BEGIN

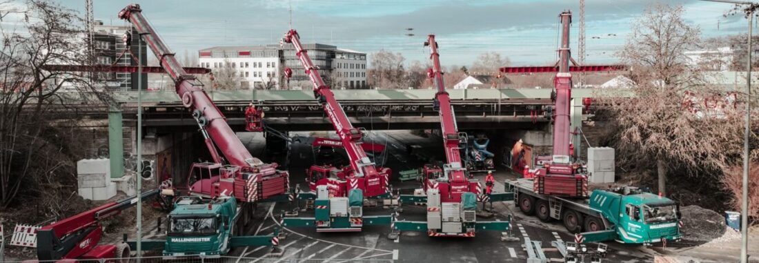 Die Hallenmeister haben jeweils 10 Tonnen gehoben und die beiden ACs 10 Tonnen gemeinsam im Tandemhub. Die Wahl fiel auf die Hallenmeister, weil über den Bahnschienen eine elektrische Oberleitung verlief, also besonders niedrig gearbeitet werden musste. Die Citykrane kamen hinzu, weil die Platzverhältnisse insgesamt sehr eng waren, so das Vermietunternehmen.
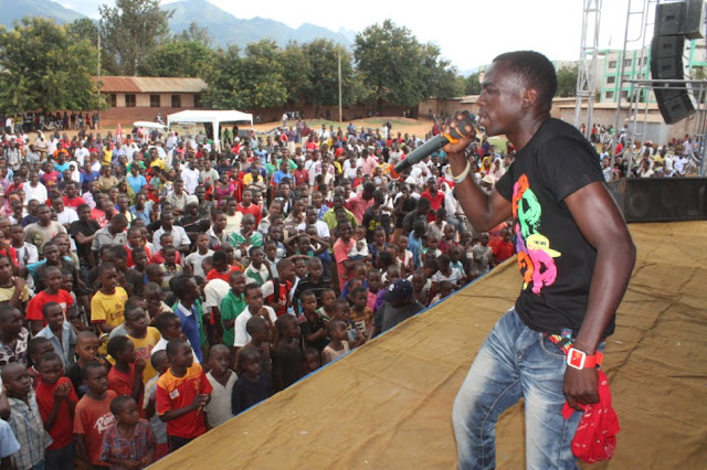 Mshiriki wa muziki wa hip hop, akionyesha makali yake ya kuchana wakati wa shindano la Shindano la Moro Carnival lililofanyika uwanja wa sabasaba mjini Morogoro.
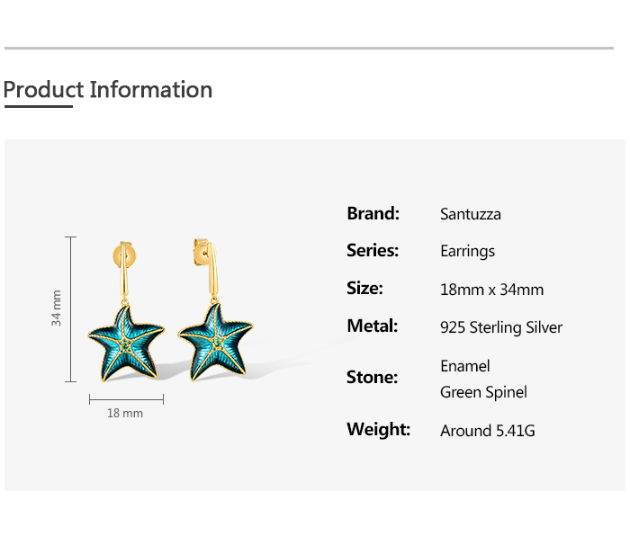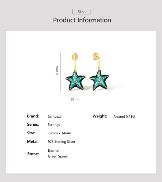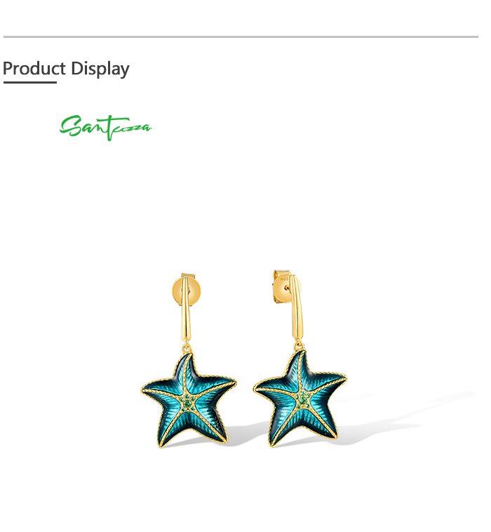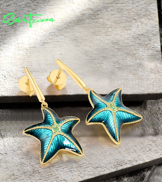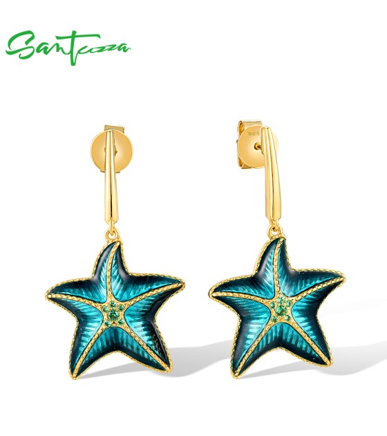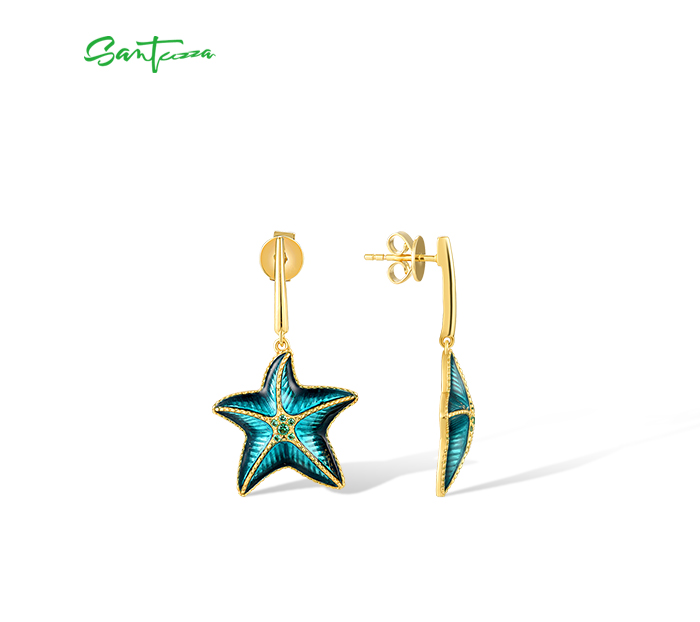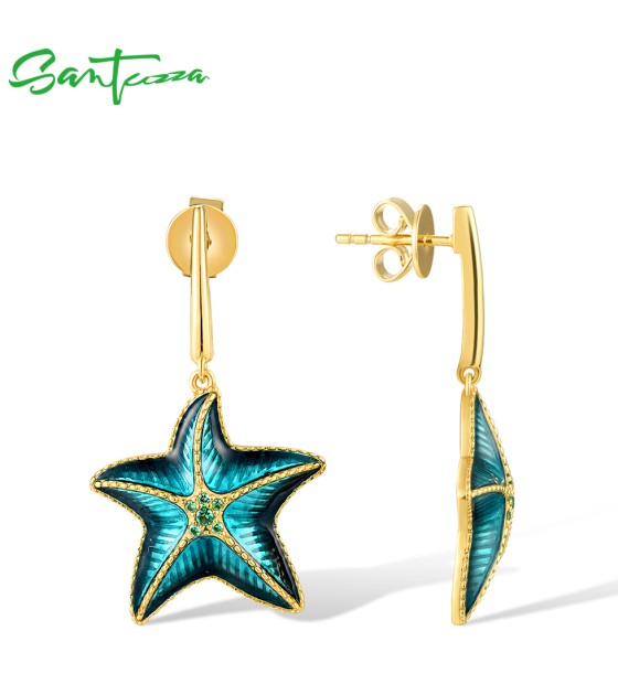SANTUZZA Real 925 Sterling Silver Stud Earrings Green Spinel Enamel Star Fish Summer New Jewelry

END

TASK TO COMPLETE: Give back the material above exactly as it appears, minus any picture.

SOLUTION TO THIS TASK:
 Die Hallenmeister haben jeweils 10 Tonnen gehoben und die beiden ACs 10 Tonnen gemeinsam im Tandemhub. Die Wahl fiel auf die Hallenmeister, weil über den Bahnschienen eine elektrische Oberleitung verlief, also besonders niedrig gearbeitet werden musste. Die Citykrane kamen hinzu, weil die Platzverhältnisse insgesamt sehr eng waren, so das Vermietunternehmen.
 Mshiriki wa muziki wa hip hop, akionyesha makali yake ya kuchana wakati wa shindano la Shindano la Moro Carnival lililofanyika uwanja wa sabasaba mjini Morogoro.
SANTUZZA Real 925 Sterling Silver Stud Earrings Green Spinel Enamel Star Fish Summer New Jewelry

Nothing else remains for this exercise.